When enquired from the assembly, the registrar explained that AdMA informed the council that it approved the building, but it appeared that the owner developed the structure beyond what was approved.

“The AdMA tells us the approved permit was for a two-storey, but the owner extended on his own to the third storey,” he said.

Mr Ametefe said among the things the committee would be looking out for were the integrity of the foundation, whether the concrete mixture met the approved requirements or not, and also the reinforcement.  

“We are going to test the foundation to see whether it is a foundation problem.
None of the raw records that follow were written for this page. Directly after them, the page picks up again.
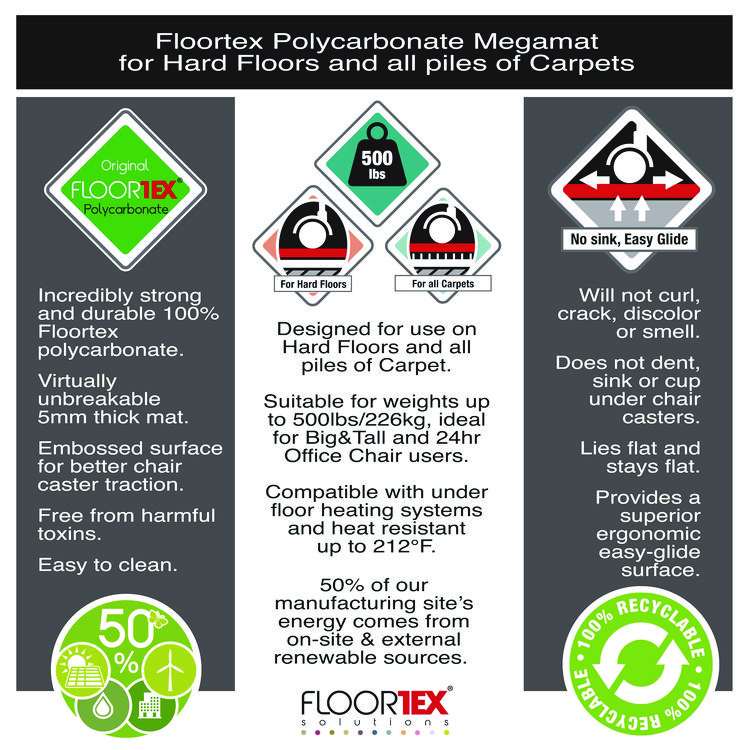 Floortex Cleartex MegaMat Heavy-Duty Polycarbonate Mat for Hard Floor/All Carpet, 46 x 53, Clear (FLRECM121345ER)
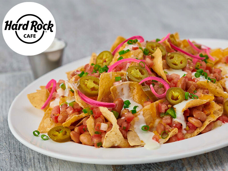 Note di gusto con nachos e soft drink in un Hard Rock Cafe a scelta
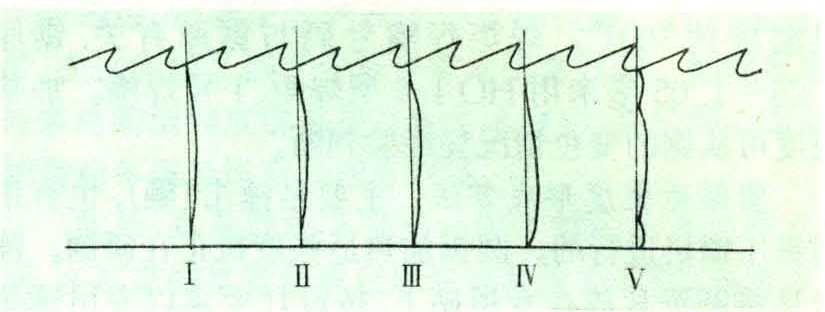 等量的适张度值,因处理方法不同,用适张度规检查可见不同类型,其技术特性也各异。常见带锯适张度类型如图1。各类型技术特性是:Ⅰ型是无口适张度,可用于锯割软材、小材,不适于高速生产。采用较少。Ⅱ型是基本型适张度,留有前、后口,应力较大,不易跑弯,锯条不易裂口,适张度耐久,便于修整。中国使用较普遍。Ⅲ型是前移型适张度,前大后小,可锯硬材、冻材,不避节子,进料速度可提高,但修整不及时齿根易裂口。Ⅳ型是后移型适张度,前小后大,避节子,因割硬材或进料量大时易跑弯,修整不及时锯背易裂口,已很少采用。Ⅴ型是“三软两硬”适张度,齿根和背缘各压一滚封口,形成三处软两处硬(两条应力线)。不跑锯、不裂口,适于高速生产,应用较普遍,但必须经常修整,保持常态。圆锯的适张度类型与带锯相似,特性亦同。
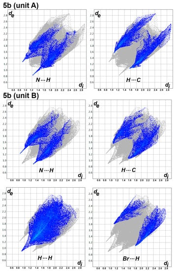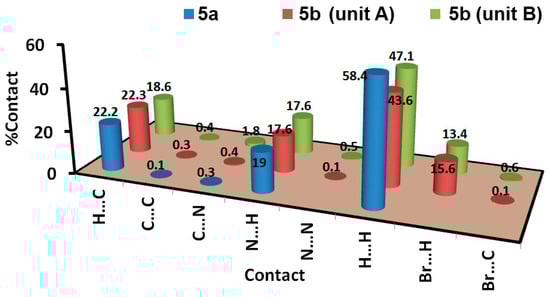 The structure of 5b comprised an extra Br atom attached at the 4-position of the phenyl ring. Hence, more intermolecular interactions were detected in this compound (Figure 4). Since there are two different molecular units per asymmetric formula, there are two sets of results for this molecular system. Based on Hirshfeld calculations, and similar to 5a, the H…H, N…H and H…C are the most dominant contacts. In addition, there is significant amount of Br…H contacts. The H12B…C8 (2.632 Å), N5…H1B (2.055 Å), H4B…H4B (1.795 Å), and Br1B…H10C (2.902 Å) are the shortest contacts, respectively. All four of these contacts appeared as a red region in the dnorm map (Figure 5). An important difference between the two molecular units of 5b is that the Br…H and H…H interactions are more important in the molecular unit with the letter B in the atom numbering than the other unit. Moreover, the percentages of the H…H, Br…H, and H…C contacts are also different in both units (Figure 7).
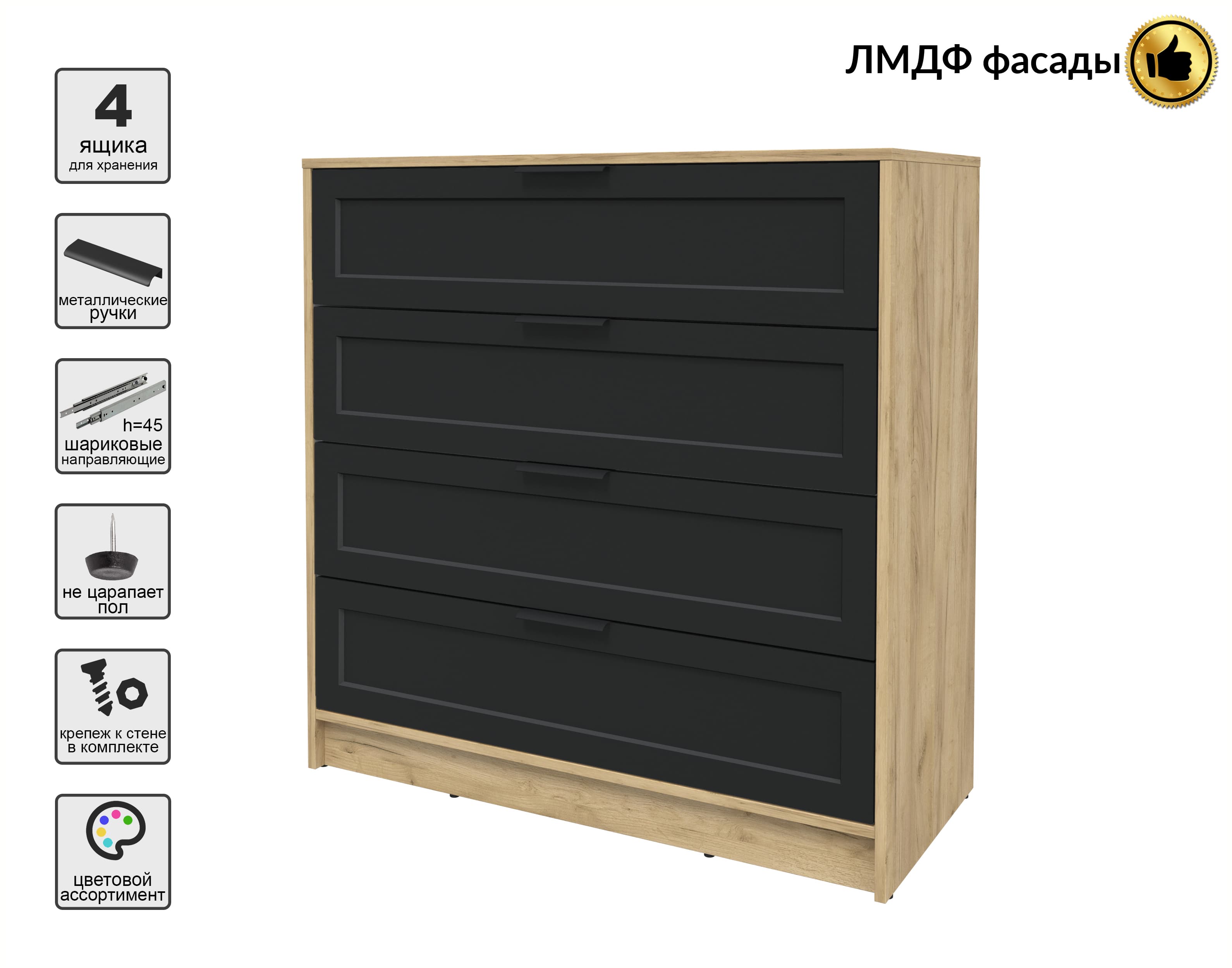 Kомод Тренд КТ-К100 (Дуб золотой ЛДСП/ Черный ЛМДФ) Ш1000 В1020 Г451
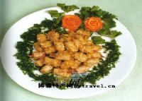 (3)烧热炒鼎倒入生油,待油烧至七成熟时,将鱼册拖上蛋粉浆投入油鼎拉一下油倒出,沥去油分。炒鼎下猪油,把蒜米炒成金黄色,倒入鱼册,烹入料酒,和小碗内的调料,颠翻几下,取出装盘即成。

We will test the concrete and if possible, even the reinforcement,” he said.

He added that the outcome of the investigations would establish if there was any foul play to inform possible sanctions.

No speculation

In an interview with the Daily Graphic last Friday, the Municipal Chief Executive (MCE) of AdMA, Alexander Nii Noi Adumuah, who confirmed the development, said the assembly was awaiting investigations from the council to ascertain exactly what led to the collapse of the structures.

He explained that for now, any reason assigned to the collapse of the structures by anyone may be speculation until the full investigations were successfully completed.

On whether the owner secured a permit for the building in question, he said:“I am informed that they have a permit to build from the assembly.

“I am also informed that before they secured the permit, the owner was asked to produce Fire and Environmental Protection Agency (EPA) certificates”.